WHAT TO DO — In the material below, find the line with "Black, White and" and the line with "Да, это были", then output both and every line between them exactly, omitting pictures.

****************************************

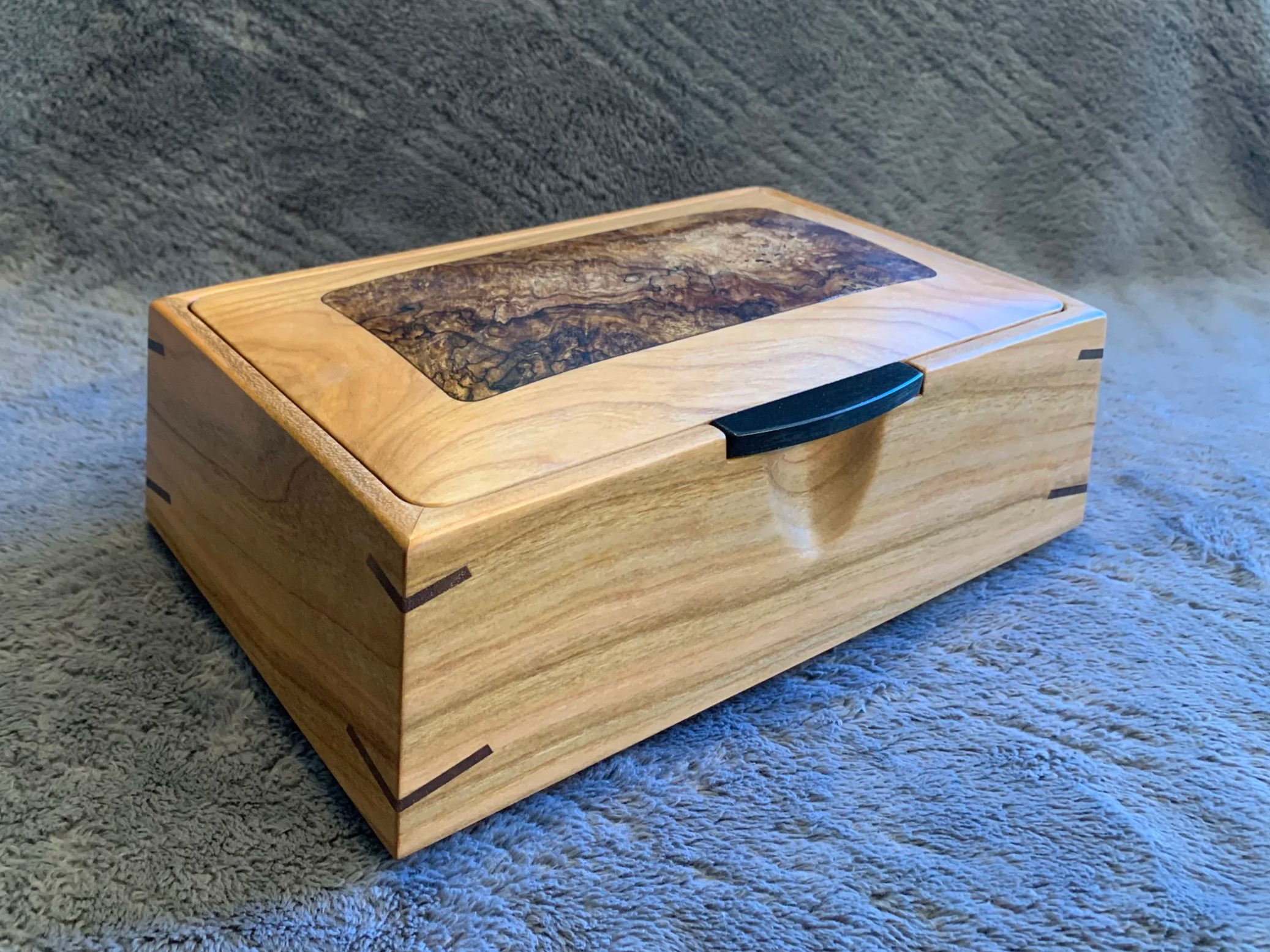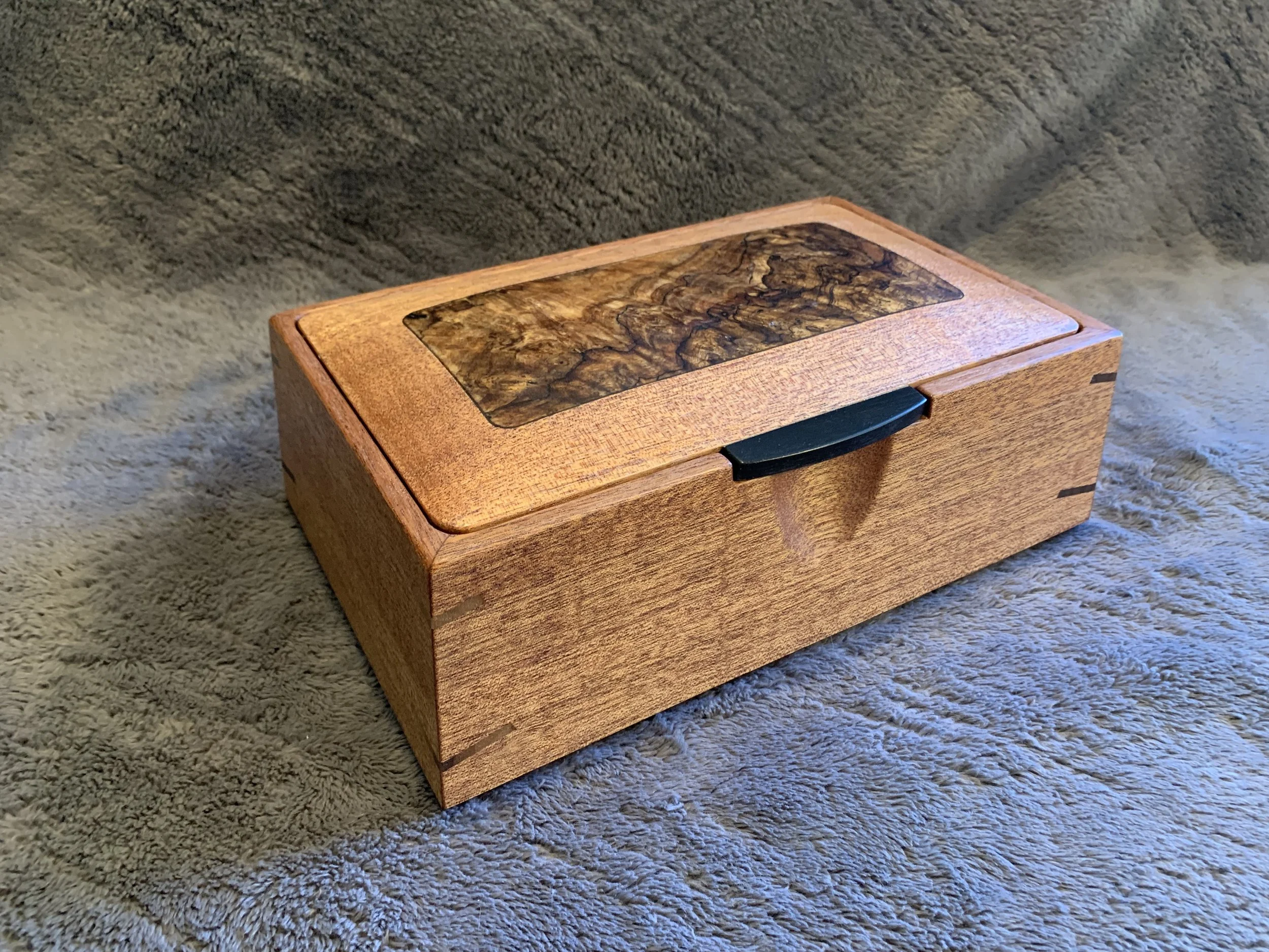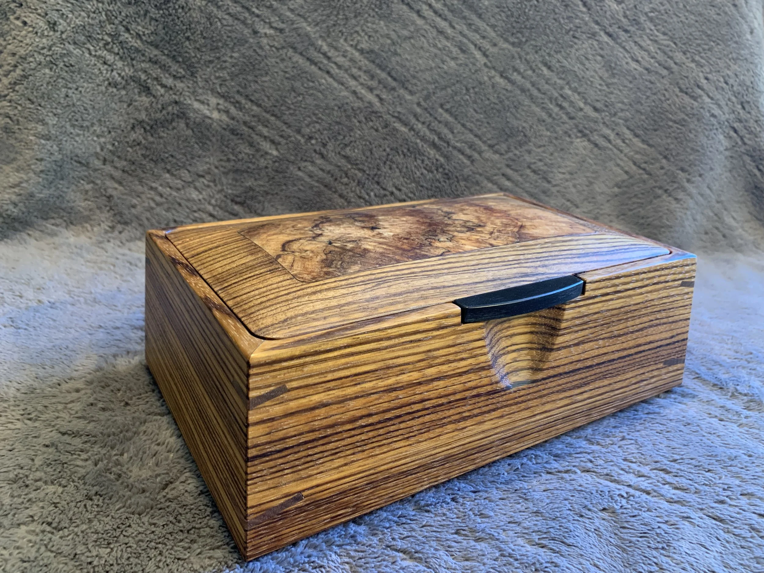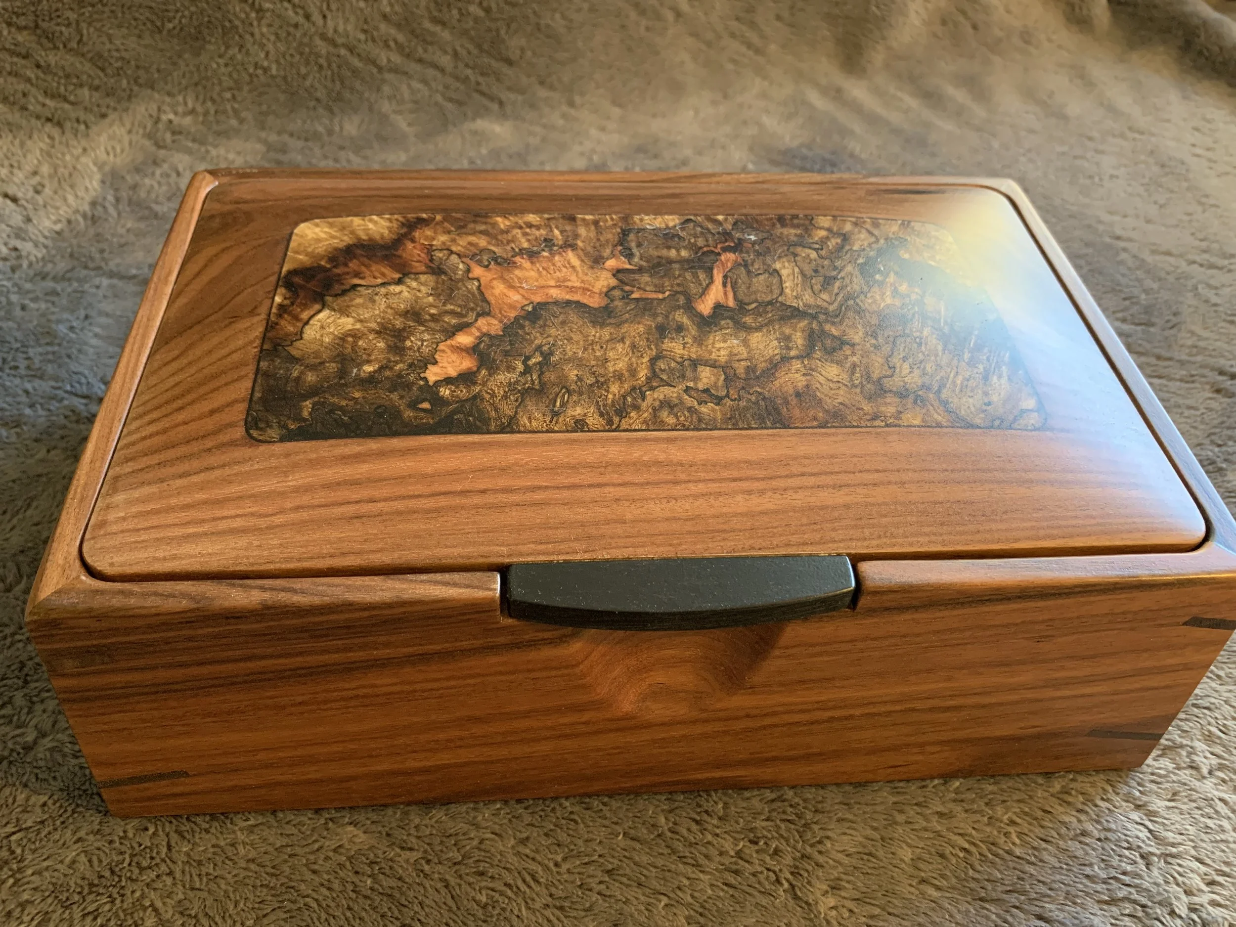 These boxes all feature spectacular Ink-Line Spalted Maple Burl as accent inserts on the lids. The lid pulls are made of Ebony, one of the most prized woods in the world. All four box sides feature a two-way taper and are joined with mitered corners that are reinforced with Walnut splines. The lid sits inside the box, with a hidden hinge. The front of the box has a carved recess for easy opening. The inside of the box is divided into sections with a tray resting on top. The bottom of the box is lined with Ultrasuede.
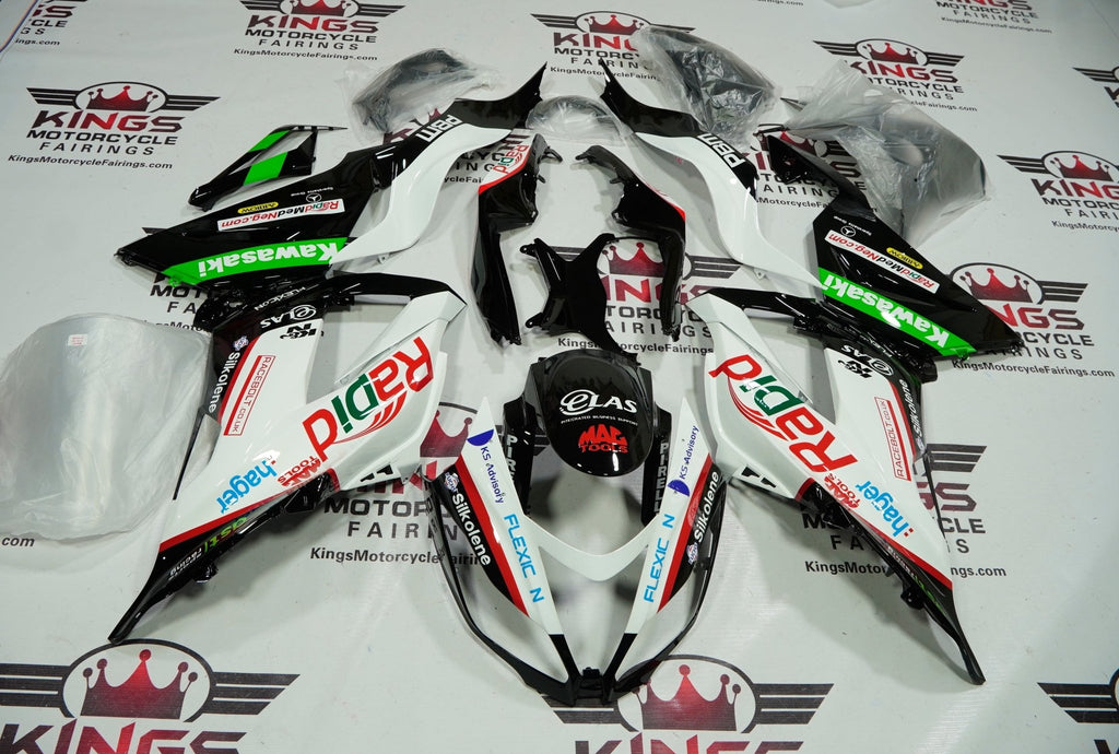 Black, White and Red Rapid Fairing Kit for a 2013, 2014, 2015, 2016, 2017 & 2018 Kawasaki ZX-6R 636 motorcycle.
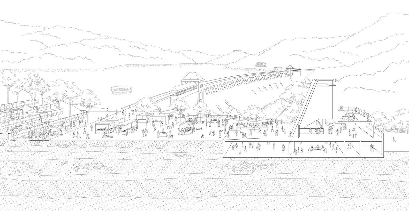 多层次的游客体验一楼和室外区域作为社区空间,促进聚会、教育和文化交流。在内部,游客将被引导通过一个开放且无缝连接的空间体验,将他们带到一个信息和休息区,然后再下降到较低级别的博物馆空间。在这里,一个沉浸式的灯光装置将大坝生动的历史带到了生活中,让客人以一种大气的方式与过去互动。可步行的屋顶进一步增强了体验,提供了不同的视角,不仅展示了大坝,还展示了周围的自然景观。
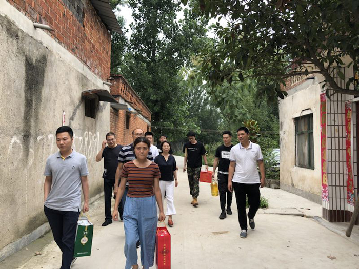 6月29日,张少羽书记、李弋院长、范卫杰副院长、习茵主任、全体辅导员及优秀班主任代表一行十人前往镇平县晁陂镇裴营村,对我院2017级建档立卡贫困生裴港莹进行家访。
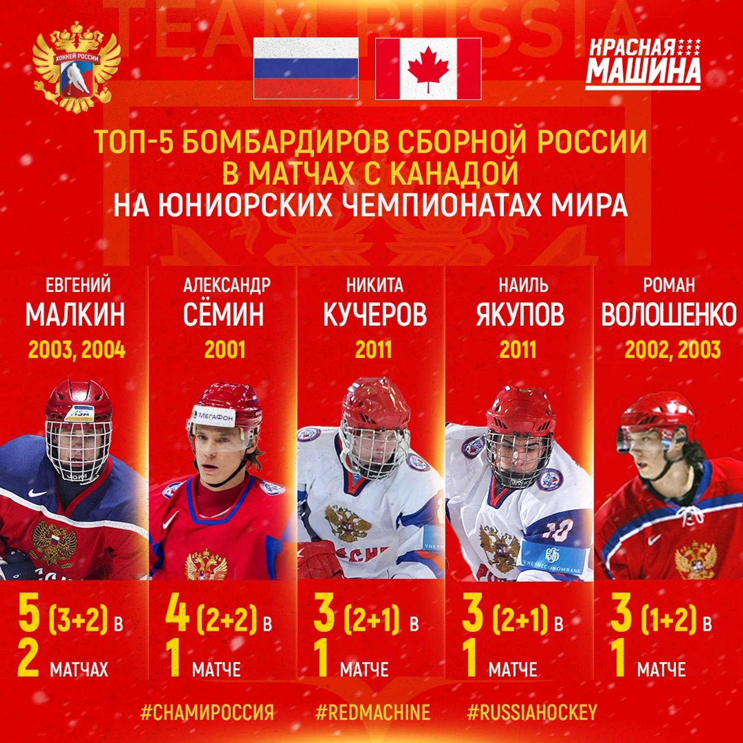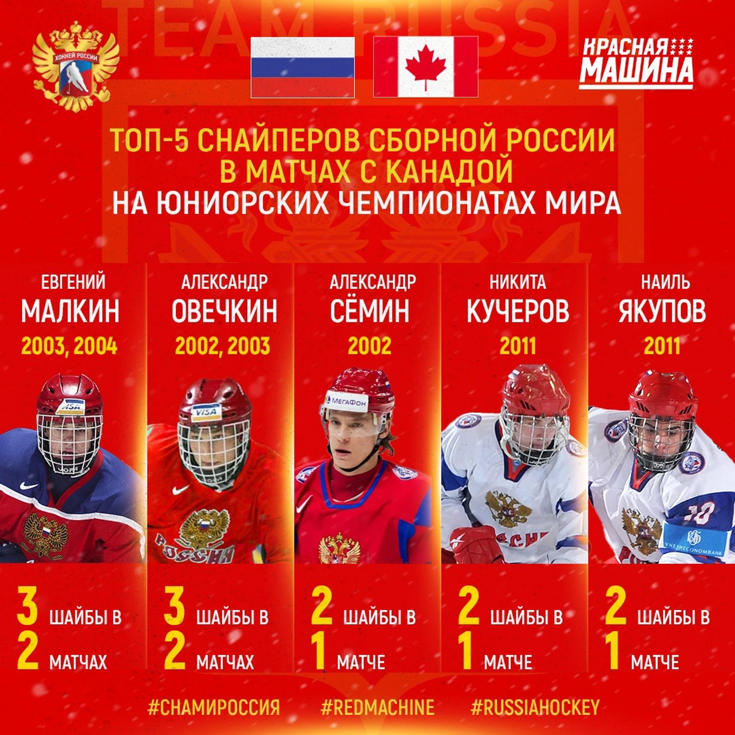 Да, это были Евгений Малкин и Александр Овечкин! Оба играли против Канады дважды (Овечкин – в 2002-м и 2003-м, Малкин – в 2003-м и 2004-м), оба забросили в них в общей сложности по 3 шайбы, и оба отметились дублями в своих первых встречах! Кроме того, дважды в одном матче красный свет за воротами канадцев на ЮЧМ зажигали Александр Семин в 2004-м (он повторит этот трюк спустя 6 лет в Квебеке), Никита Кучеров и Наиль Якупов в 2011-м, Николай Жердев делал это в 2002-м и Антон Дубинин – в 2003-м.
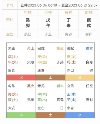 再看生成这件事原因父母。朱雀芮士临父母落留连这个主要看父母落留连,就是舍不得,有牵挂。主要原因还有朱雀,代表对方好看。芮土王大武也可以理解成她有魅力,比较有性格。

****************************************

SOLUTION TO THIS PROBLEM —
 Black, White and Red Rapid Fairing Kit for a 2013, 2014, 2015, 2016, 2017 & 2018 Kawasaki ZX-6R 636 motorcycle.
 多层次的游客体验一楼和室外区域作为社区空间,促进聚会、教育和文化交流。在内部,游客将被引导通过一个开放且无缝连接的空间体验,将他们带到一个信息和休息区,然后再下降到较低级别的博物馆空间。在这里,一个沉浸式的灯光装置将大坝生动的历史带到了生活中,让客人以一种大气的方式与过去互动。可步行的屋顶进一步增强了体验,提供了不同的视角,不仅展示了大坝,还展示了周围的自然景观。
 6月29日,张少羽书记、李弋院长、范卫杰副院长、习茵主任、全体辅导员及优秀班主任代表一行十人前往镇平县晁陂镇裴营村,对我院2017级建档立卡贫困生裴港莹进行家访。
 Да, это были Евгений Малкин и Александр Овечкин! Оба играли против Канады дважды (Овечкин – в 2002-м и 2003-м, Малкин – в 2003-м и 2004-м), оба забросили в них в общей сложности по 3 шайбы, и оба отметились дублями в своих первых встречах! Кроме того, дважды в одном матче красный свет за воротами канадцев на ЮЧМ зажигали Александр Семин в 2004-м (он повторит этот трюк спустя 6 лет в Квебеке), Никита Кучеров и Наиль Якупов в 2011-м, Николай Жердев делал это в 2002-м и Антон Дубинин – в 2003-м.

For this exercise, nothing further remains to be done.